$$f;g:[a,b] \rightarrow R \, \, \forall x \in (a;b) \, \, g'(x) \neq 0,$$ $f,g$ are differentiable in $(a,b)$. If $$\lim_{x \to a} f(x) = \lim_{x \to a }g(x) = 0$$ and there exists a $$\lim_{x \to a} \frac{f'(x)}{g'(x)},$$ then $$\lim_{x \to a} \frac{f(x)}{g(x)}=\lim_{x \to a} \frac{f'(x)}{g'(x)}$$
Then two functions are constructed $F(x) =\begin{cases} f(x),&\text{if }x\neq a\\0,&\text{if }x=a\end{cases}$ and $G(x) =\begin{cases}g(x),&\text{if }x\neq a\\0,&\text{if }x=a\end{cases}$.

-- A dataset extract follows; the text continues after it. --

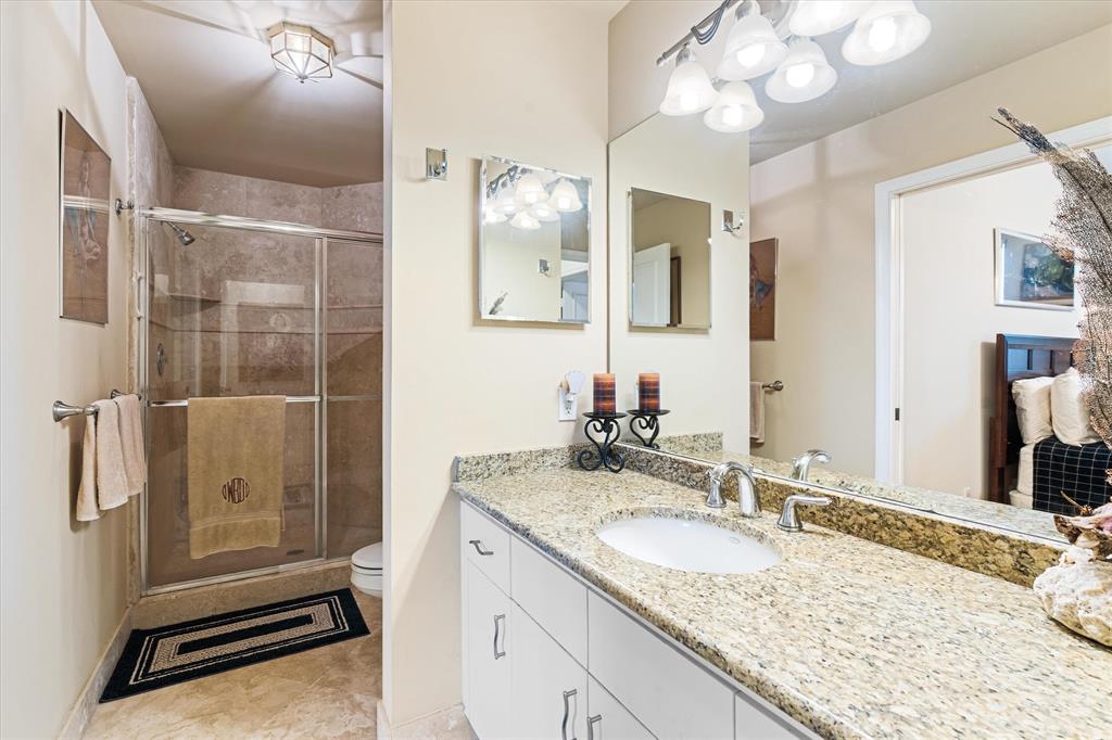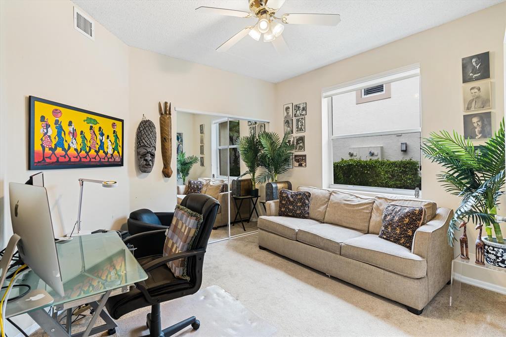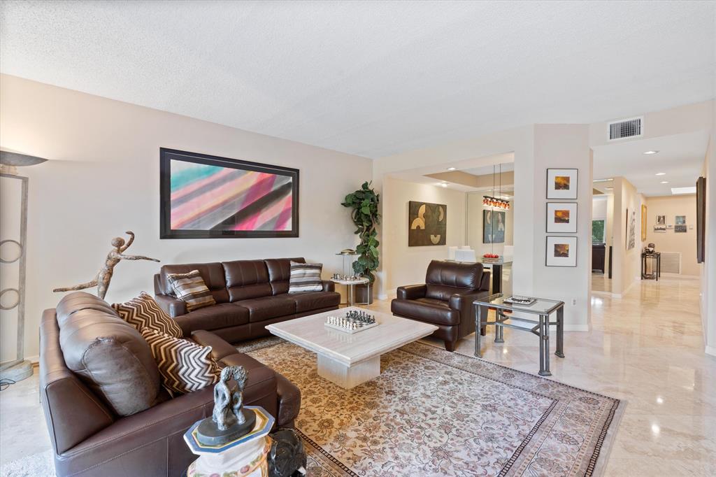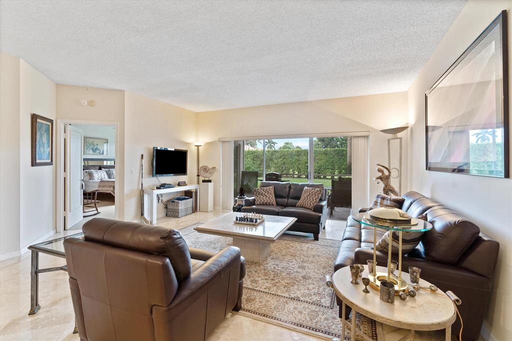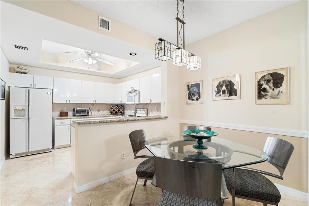 Charming first floor condo with 3 bedrooms, 2 baths and a 1 car garage. Kitchen has granite countertops and a stone backsplash. The open concept dining and living rooms allow for a seamless flow. Designed as a split floor plan layout, there is a guest bedroom and a third room fit as a den perfect for guests. The living room opens to your private screen patio with lush landscaping. Features include marble flooring throughout the main living area, AC 2015, roof 2011.
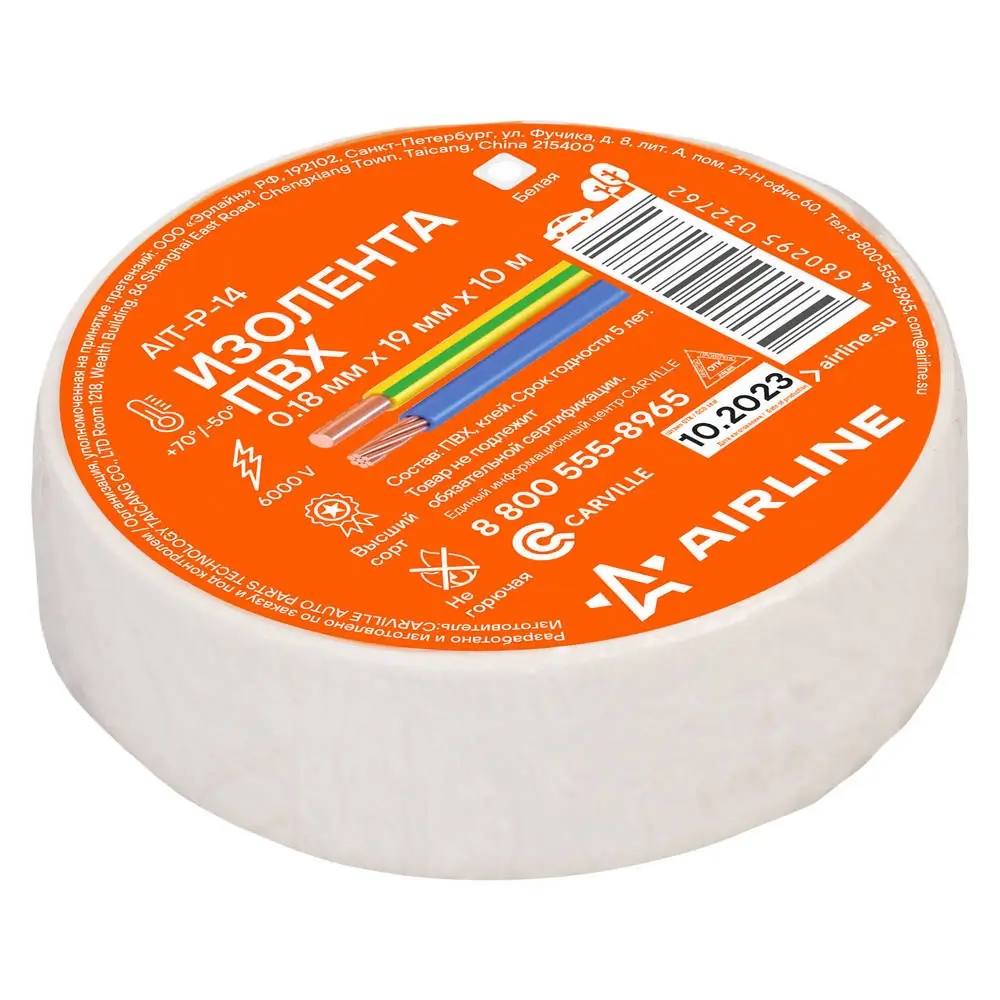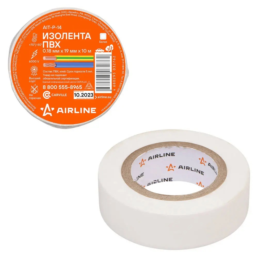AIT-P-14 AIRLINE Изолента ПВХ белая 19ммx10м AIRLINE

My question is about continuity of the functions $F'(x), G'(x)$. They both are continuous near point $a$, except when $x=a$. In the proof it's explained that they are also continuous at $x=a$, because at $x=a$, $F(x)=\lim_{x \to a}f(x) = 0$. I don't get why it's possible to express $F(x)$ as $\lim_{x \to a}f(x)$ when $x= a$. Or rather why the fact that $x\neq a$ implies that $x$ tends to $a$. Can someone explain?
It is not that it is possible to express...etc., it is just that that's the way we have to check continuity of $\;F\;$ at $\;a\;$ . In fact, we have that
$$F(x)=\begin{cases}f(x),&x\neq a\\{}\\0,&x=a\end{cases}\implies\;F\;\text{ is continuous at }\;a\iff \lim_{x\to a}F(x)=F(a)=0$$
BTW, you also need for L'H rule the condition $\;g'(x)\neq 0\;$ in some neighborhood of $\;a\;$ ...